**** Source data ****

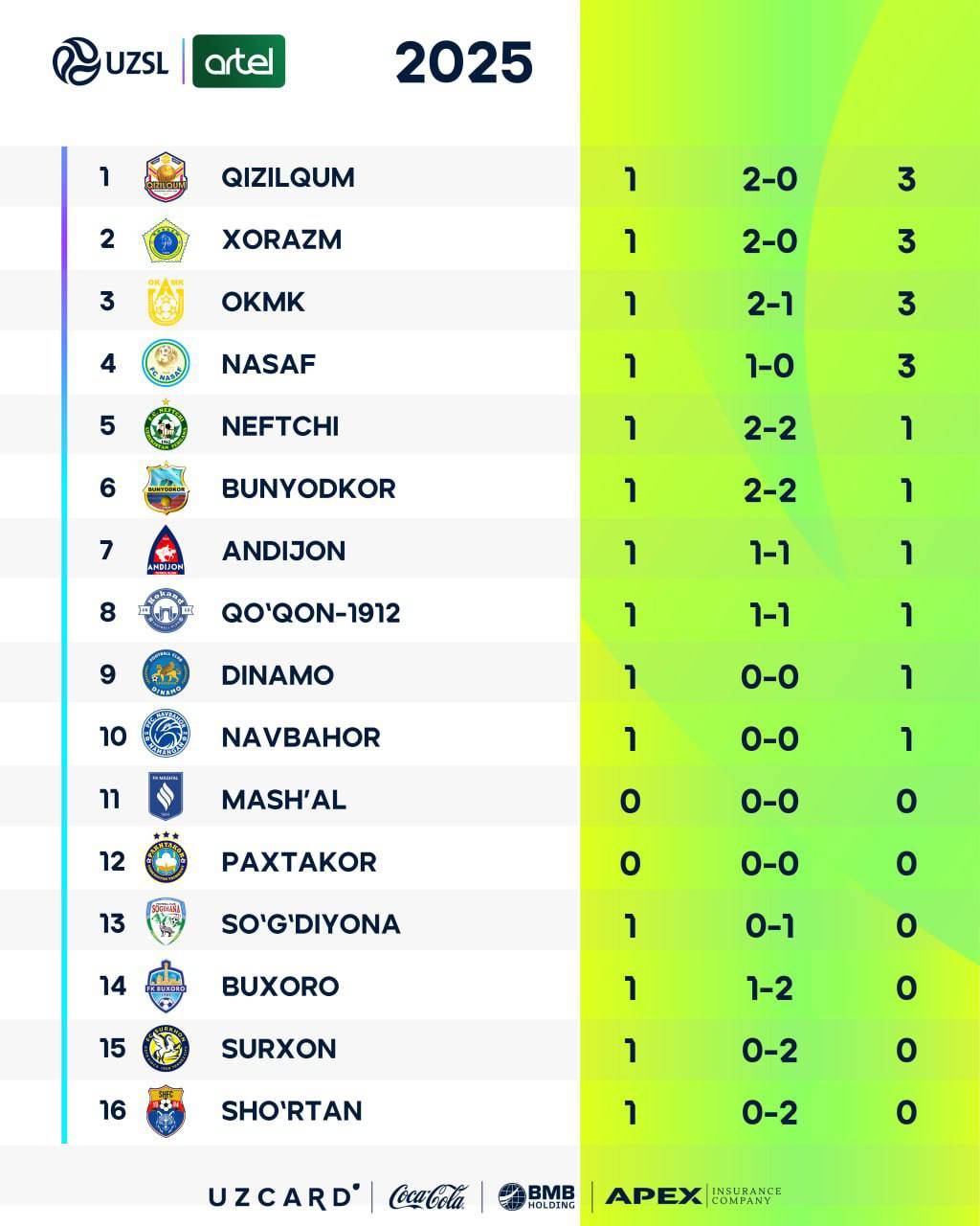 Ma’lumot o‘rnida: Superliganing birinchi tur yakunlariga ko‘ra, OKMK, “Nasaf“, “Qizilqum“ va “Xorazm“ mavsumni g‘alaba bilan boshladi va 3 ochkoga ega bo‘ldi. “Qo‘qon 1912”, “Andijon“, “Bunyodkor“, “Neftchi“, “Navbahor“ va “Dinamo“ jamoalari esa o‘z hisobiga bir ochkoni yozib qo‘ygan bo‘lsa, “Buxoro“, “Surxon“, “So‘g‘diyona“ hamda “Sho‘rtan“ klublari mag‘lubiyatdan so‘ng liganing quyi pog‘onalariga joylashdi.
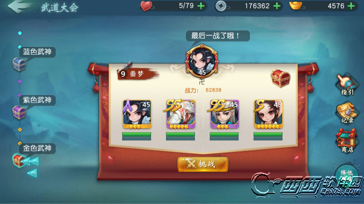 武道大会最开始蓝色难度,打赢3把可以选择升紫色,再打赢3打可升橙色。
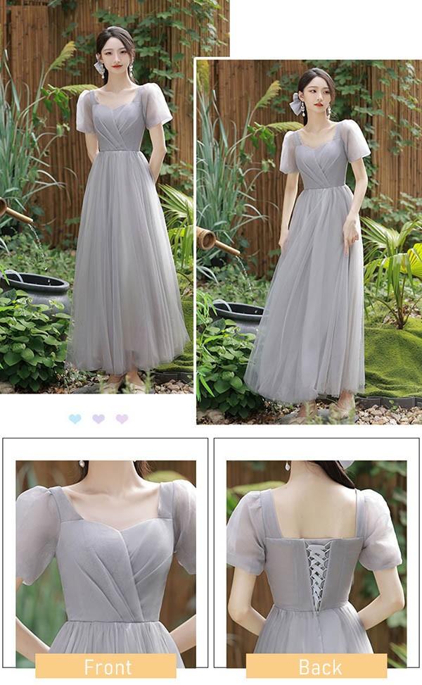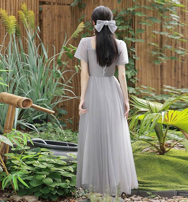 【レビュー投稿で+5%還元】ブライズメイド ドレス 大人 ピアノ 発表会 ロングドレス ミモレ丈 演奏会 結婚式 母親 ピアノ発表会 グレー 袖付き ワンピース 半袖 演奏会ドレス パーティードレス イブニングドレス ロング丈 大きいサイズ 小さいサイズ フォーマル
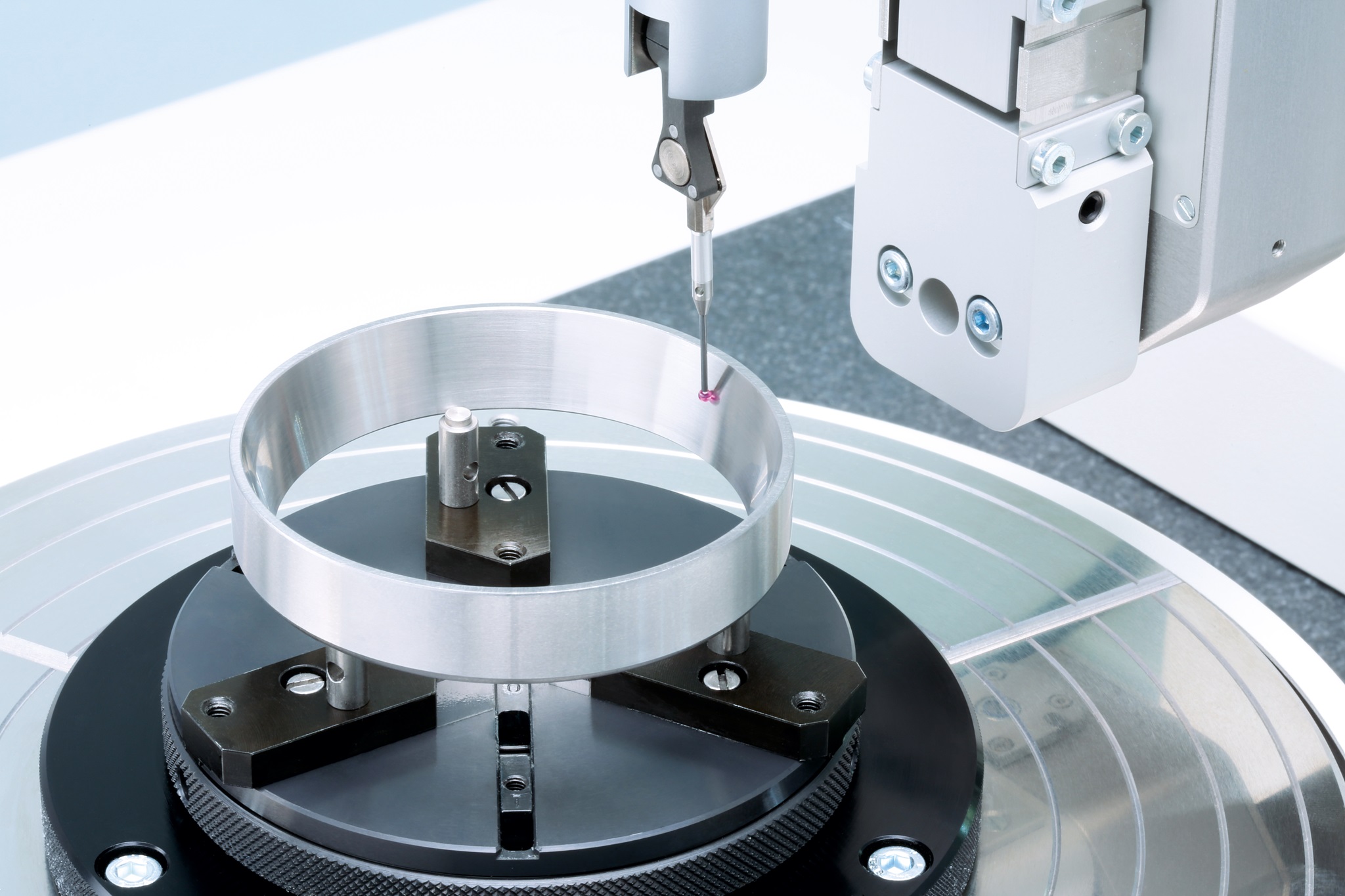 Mehrere JENOPTIC Hommel Etamic F 435 Messplätze verfügen über einen luftgelagerten Drehtisch. Sie bieten eine vollautomatische Werkstückausrichtung und minimale Messzeiten bei maximalem Bedienkomfort. Die für Wälzlager wichtigen Form- und Lagertoleranzen werden über präzise in Radial- und Axialrichtung geführten Messachsen überprüft.

****

### Work task
Restate the data above word for word. Skip every picture.

### Written solution
 Ma’lumot o‘rnida: Superliganing birinchi tur yakunlariga ko‘ra, OKMK, “Nasaf“, “Qizilqum“ va “Xorazm“ mavsumni g‘alaba bilan boshladi va 3 ochkoga ega bo‘ldi. “Qo‘qon 1912”, “Andijon“, “Bunyodkor“, “Neftchi“, “Navbahor“ va “Dinamo“ jamoalari esa o‘z hisobiga bir ochkoni yozib qo‘ygan bo‘lsa, “Buxoro“, “Surxon“, “So‘g‘diyona“ hamda “Sho‘rtan“ klublari mag‘lubiyatdan so‘ng liganing quyi pog‘onalariga joylashdi.
 武道大会最开始蓝色难度,打赢3把可以选择升紫色,再打赢3打可升橙色。
 【レビュー投稿で+5%還元】ブライズメイド ドレス 大人 ピアノ 発表会 ロングドレス ミモレ丈 演奏会 結婚式 母親 ピアノ発表会 グレー 袖付き ワンピース 半袖 演奏会ドレス パーティードレス イブニングドレス ロング丈 大きいサイズ 小さいサイズ フォーマル
 Mehrere JENOPTIC Hommel Etamic F 435 Messplätze verfügen über einen luftgelagerten Drehtisch. Sie bieten eine vollautomatische Werkstückausrichtung und minimale Messzeiten bei maximalem Bedienkomfort. Die für Wälzlager wichtigen Form- und Lagertoleranzen werden über präzise in Radial- und Axialrichtung geführten Messachsen überprüft.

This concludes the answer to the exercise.